An example of the simplest form of UDF. A simple value input and a simple value in return.

Javascript UDF

/myhome/pigUtil.js:

'use strict';

inc.outputSchema = 'integer:double';
function inc(rawQty) {
    var qty = parseInt(rawQty, 10);
    qty += 1;
    return qty;
}

Pig UDF usage

The Pig script registers the javascript UDF as pigUtil, loads the data, generates the final dataset and then saves the result to a CSV output.

// Register the UDF to be able to use it.
register /myhome/pigUtil.js using javascript as pigUtil;

// Load the data file.
data = LOAD '/data/my-file.csv' USING PigStorage(';') AS (
    id:int,
    qty:int,
    title:chararray,
    category:chararray
);

// Parse the data.
data_prep = FOREACH data GENERATE
    id AS id,
    pigUtil.inc(qty) AS qty,
    title AS title,
    category AS category;

// Store the result into a new location.
STORE data_prep INTO '/data/output/my-file' USING PigStorage(';', '-schema');

Bag UDF usage

And now for the example handling bags with a javascript UDF. This turned out to be a bit tricky. There was no documentation in the official docs, so I just had to fiddle this out for my self.

Javascript UDF

/myhome/pigUtil.js:

'use strict';

// Yes-yes, I know there is a SUM function inside Pig, but this is 
// still a valid example.
sumCategoryQty.outputSchema = 'integer:double';
function sumCategoryQty(bag) {
    var categoryTotal = 0;
    for (var b in bag) {
        if (bag.hasOwnProperty(b)) {
            var tuple = bag[b];
            if (tuple.qty) {
                categoryTotal += parseInt(tuple.qty, 10);
            }
        }
    }    
    return categoryTotal;
}

Pig UDF usage

Same as the above, but then we group the dataset by one or more columns. The grouped dataset has is stored with the values you group on and the rest of the columns inside a bag stored into a single column.

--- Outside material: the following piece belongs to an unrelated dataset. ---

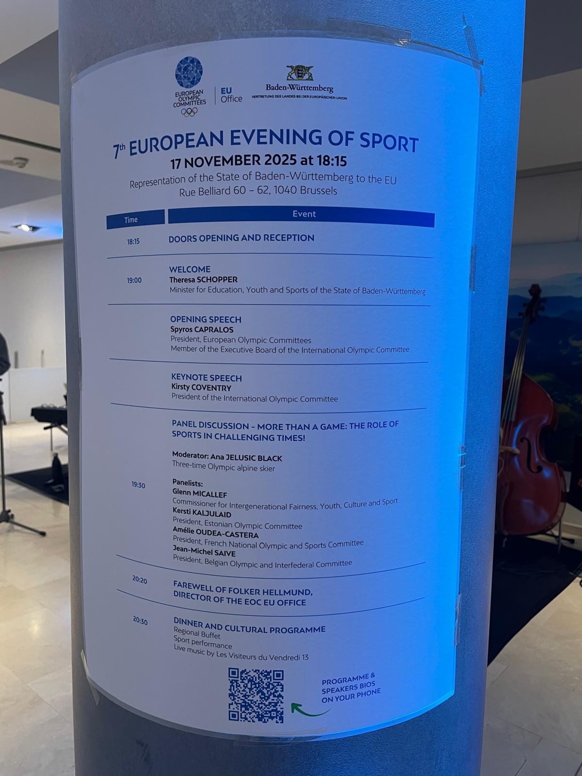 An dem Abend nahmen unter anderem IOC-Präsidentin Kirsty Coventry, der Präsident der Europäischen Olympischen Komitees Spyros Capralos und der EU-Kommissar für Generationengerechtigkeit, Jugend, Kultur und Sport Glenn Micallef teil. Alle 49 Europäischen Olympischen Komitees waren zu dem Treffen eingeladen, das dem Thema „Sport ist mehr als ein Spiel“ gewidmet war, um über die verbindende Rolle des Sports in einem komplexen und sich ständig verändernden globalen Kontext nachzudenken.

register /myhome/pigUtil.js using javascript as pigUtil;

data = LOAD '/data/my-file.csv' USING PigStorage(';') AS (
    id:int,
    qty:int,
    title:chararray,
    category:chararray
);

// Group the dataset by category
data_group = GROUP data BY (category);

The format of the data represented in JSON after grouping:

["category":"FooCat", [{"id":123, "qty":2, "title":"Foo"}, {"id":124, "qty":1, "title":"Bar"}]],
["category":"BarCat", [{"id":234, "qty":3, "title":"Gomle"}, {"id":235, "qty":2, "title":"FooBar"}]]

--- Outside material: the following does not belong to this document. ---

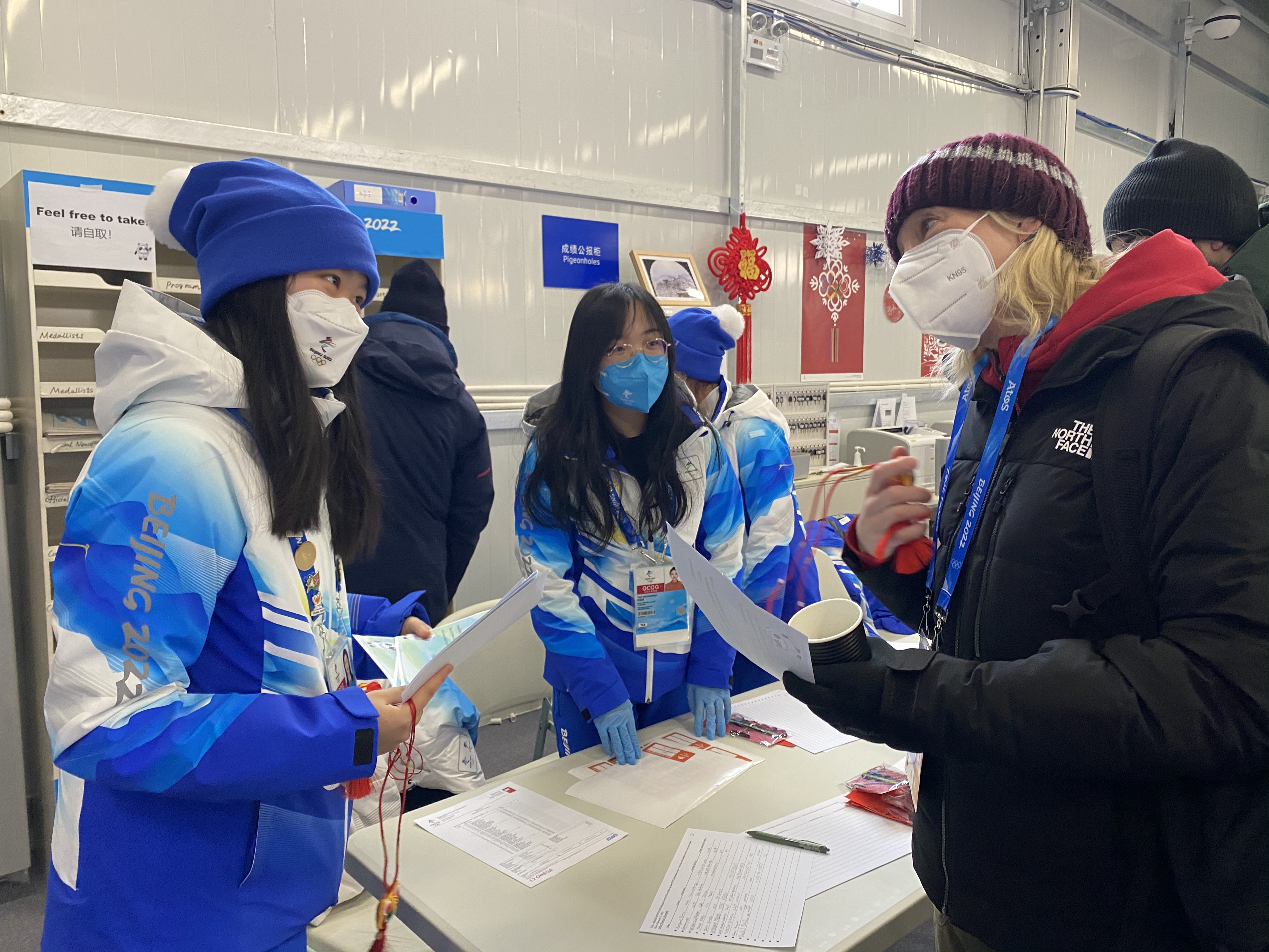 从最开始的环境布置、设施完善,到春节元宵节为媒体赠送文创小老虎、福字、窗花,再到冬残奥期间坐着轮椅走流线、试设施,他们站在媒体视角,盯紧每一个细节。

Then the rest of the Pig script:

// Parse the data and use the UDF to calculate the total for each category.
data_prep = FOREACH data GENERATE
    group AS category,
    pigUtil.sumCategoryQty(data) AS categoryTotal,;

STORE data_prep INTO '/data/output/my-file' USING PigStorage(';', '-schema');

Extra: Debugging Javascript UDF bags

bagDump.outputSchema = 'word:chararray';
function bagDump(bag) {
    for (var b in bag) {
        if (bag.hasOwnProperty(b)) {
            var tuple = bag[b];
            for (var t in tuple) {
                if (tuple.hasOwnProperty(t)) {
                    /* jshint ignore:start */
                    print(t + '=' + tuple[t] + ', ');
                    /* jshint ignore:end */
                }
            }
        }
    }
    return 'done';
}